WARNING: The OMS Log Analytics Firehose Nozzle is currently intended for evaluation and test purposes only. Do not use this product in a production environment.

This topic explains how to integrate your Cloud Foundry (CF) apps with OMS Log Analytics.

Operations Management Suite (OMS) Log Analytics is a monitoring service for Microsoft Azure. The OMS Log Analytics Firehose Nozzle is a CF component that forwards metrics from the Loggregator Firehose to OMS Log Analytics.

This topic assumes you are using the latest version of the Cloud Foundry Command Line Interface (cf CLI) and a working Elastic Runtime deployment on Azure. See Preparing to Deploy PCF on Azure for more information.

Step 1: Create an OMS Workspace in Azure

See Get started with Log Analytics in the Microsoft Azure documentation to create an OMS workspace.

Step 2: Deploy the Nozzle to Cloud Foundry

  1. Run cf login -a https://api.YOUR-DOMAIN -u YOUR-USERNAME --skip-ssl-validation, replacing YOUR-DOMAIN with your domain and YOUR-USERNAME with your CF username, to authenticate to your CF instance. For example:

    $ cf login -a https://api.example.com -u admin --skip-ssl-validation

  2. Follow the steps below to create a new Cloud Foundry user and grant it access to the Loggregator Firehose using the UAA CLI (UAAC). For more information, see Creating and Managing Users with the UAA CLI (UAAC) and Orgs, Spaces, Roles, and Permissions.

    1. Use uaac target uaa.YOUR-DOMAIN to target your UAA server:
      $ uaac target uaa.example.com --skip-ssl-validation
    2. Run the following command to obtain an access token for the admin client:
      $ uaac token client get admin
    3. Run cf create-user USERNAME PASSWORD, replacing USERNAME with a new username and PASSWORD with a password, to create a new user. For example:
      $ cf create-user firehose-user firehose-password
    4. Run uaac member add cloud_controller.admin USERNAME, replacing USERNAME with the new username, to grant the new user admin permissions. For example:
      $ uaac member add cloud_controller.admin firehose-user
    5. Run uaac member add doppler.firehose USERNAME, replacing USERNAME with the new username, to grant the new user permission to read logs from the Loggregator Firehose endpoint. For example:
      $ uaac member add doppler.firehose firehose-user
  3. Download the OMS Log Analytics Firehose Nozzle BOSH release from Github.

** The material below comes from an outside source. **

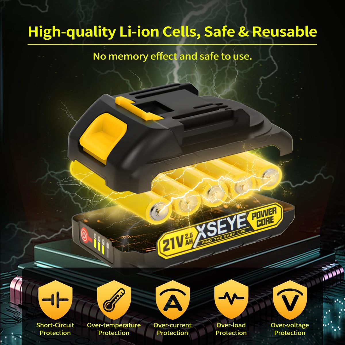 ?LARGE CAPACITY BATTERY PACK?This mini chain saw battery powered is equipped with a 21V 2000mAh rechargeable lithium-ion battery, offering long-lasting performance and easy removal for convenient recharging at any time. The battery also features a power indicator, allowing you to monitor the remaining runtime with ease. Ideal for various cutting tasks, this electric tree trimmer is perfect for wood cutting, garden pruning, pasture upkeep, backyard maintenance, and more.
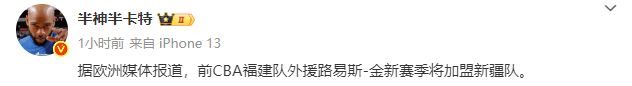 新疆男篮这个休赛期放走了核心后卫赵睿,导致球队阵容实力大幅度下滑。除了本土阵容实力大打折扣之外,新疆男篮在外援阵容方面也没有大手笔的投入,球队已经先后签下劳森和纳托尔两名外援,据媒体人“半神半卡特”透露:“前CBA福建队外援路易斯-金新赛季将加盟新疆队。”相比较小外援纳托尔,路易斯-金的砍分能力更加突出,新赛季应该会以第一或者第二外援的身份亮相。

Clone the repository and navigate to the oms-log-analytics-firehose-nozzle directory:

    $ git clone https://github.com/Azure/oms-log-analytics-firehose-nozzle.git
    $ cd oms-log-analytics-firehose-nozzle
    
  4. Set the following environment variables in the OMS Log Analytics Firehose Nozzle manifest:

    Environment Variable Description
        applications:
        - name: oms_nozzle
        ...
        env:
          OMS_WORKSPACE: YOUR-WORKSPACE-ID
          OMS_KEY: YOUR-OMS-KEY
    Enter the ID and key value for your OMS workspace.
        OMS_POST_TIMEOUT: 10s
    (Optional) Set the HTTP post timeout for sending events to OMS Log Analytics. The default value is 10 seconds.
        OMS_BATCH_TIME: 10s
    (Optional) Set the interval for posting a batch to OMS. The default value is 10 seconds.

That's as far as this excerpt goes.